L'échange économique n'est pas un phénomène universel. Il n'intervient pas entre les membres des communautés produisant pour elles-mêmes et au sein desquelles les rapports de production se confondent avec des rapports de dépendance personnelle. Son apparition et sa généralisation s'accompagnent de la dissolution de ces rapports de personnes et de la mise en place de nouveaux rapports sociaux et juridiques indispensables à son développement : division du travail, contrat, propriété.
Les échanges atteignent leur plein développement dans la société capitaliste, où la totalité des biens produits leur sont destinés.
Le caractère historique de l'échange est sujet à controverse. Les économistes classiques considèrent que l'échange est un phénomène universel, inhérent à la nature humaine, existant à différents degrés dans toutes les sociétés, et qu'il y obéit aux mêmes lois. D'autres auteurs estiment au contraire que l'échange, phénomène social autant qu'économique, distingue, radicalement ou qualitativement, les sociétés où il intervient des formations sociales archaïques ou antiques.
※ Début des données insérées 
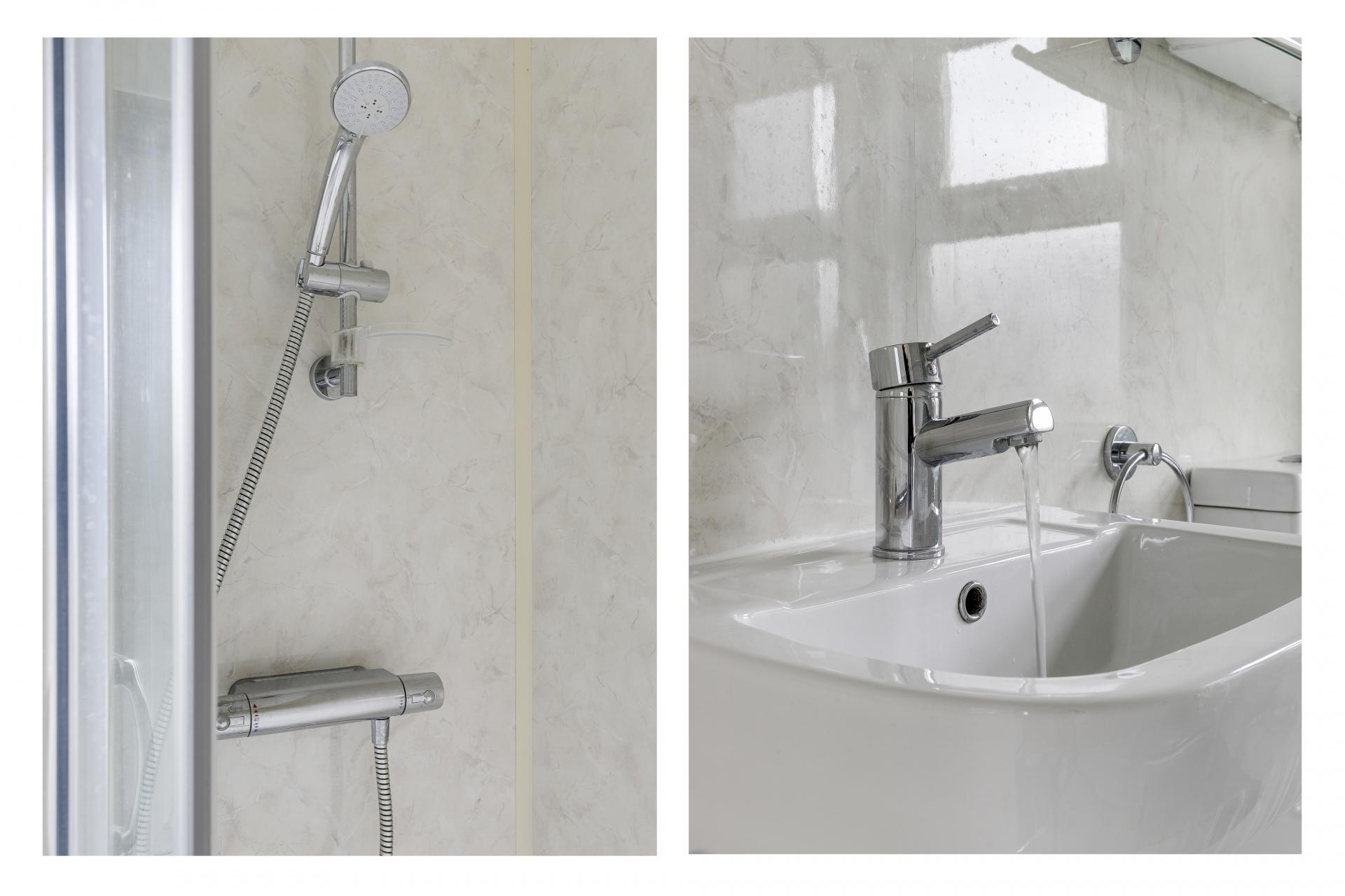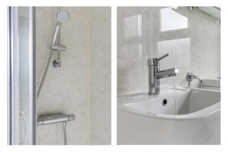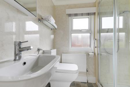 WET ROOM 5' 8" x 5' 4" (1.75m x 1.65m) Fitted with wet room shower, close coupled WC and pedestal wash hand basin, double glazed window and radiator.

Cette thèse, déjà formulée par Aristote, et qui a trouvé appui sur le matérialisme historique, tend à être confirmée par les découvertes de l'anthropologie économique contemporaine.
Historique de l'échange
Genèse
Dans les sociétés où la production est orientée vers la satisfaction des besoins des membres du groupe producteur, une part importante des biens, sinon leur totalité, circule selon des modalités de transfert qui reflètent le statut des parties en cause.
Parmi les hordes égalitaires des « chasseurs-collecteurs », les produits obtenus par le travail collectif ou individuel sont l'objet d'un partage, qui délie les producteurs de toute obligation réciproque et n'engage aucun rapport de domination ou de subordination entre producteur et non-producteur (Turnbull, 1965 ; Meillassoux, 1968).
Dans les sociétés agricoles fondées sur la cellule de production familiale (communauté primitive, oïkos, économie domestique, lignagère ou patriarcale), les biens et les services circulent le long des réseaux de parenté ou d'alliance, par prestation, redistribution ou don. En référence au statut respectif des parties, ces transferts sont orientés : ils sont prestataires (tribut, corvée) lorsque les biens circulent du niveau social inférieur au niveau supérieur ; redistributifs, lorsqu'ils circulent de haut en bas ; paritaires, lorsqu'ils ont lieu entre pairs.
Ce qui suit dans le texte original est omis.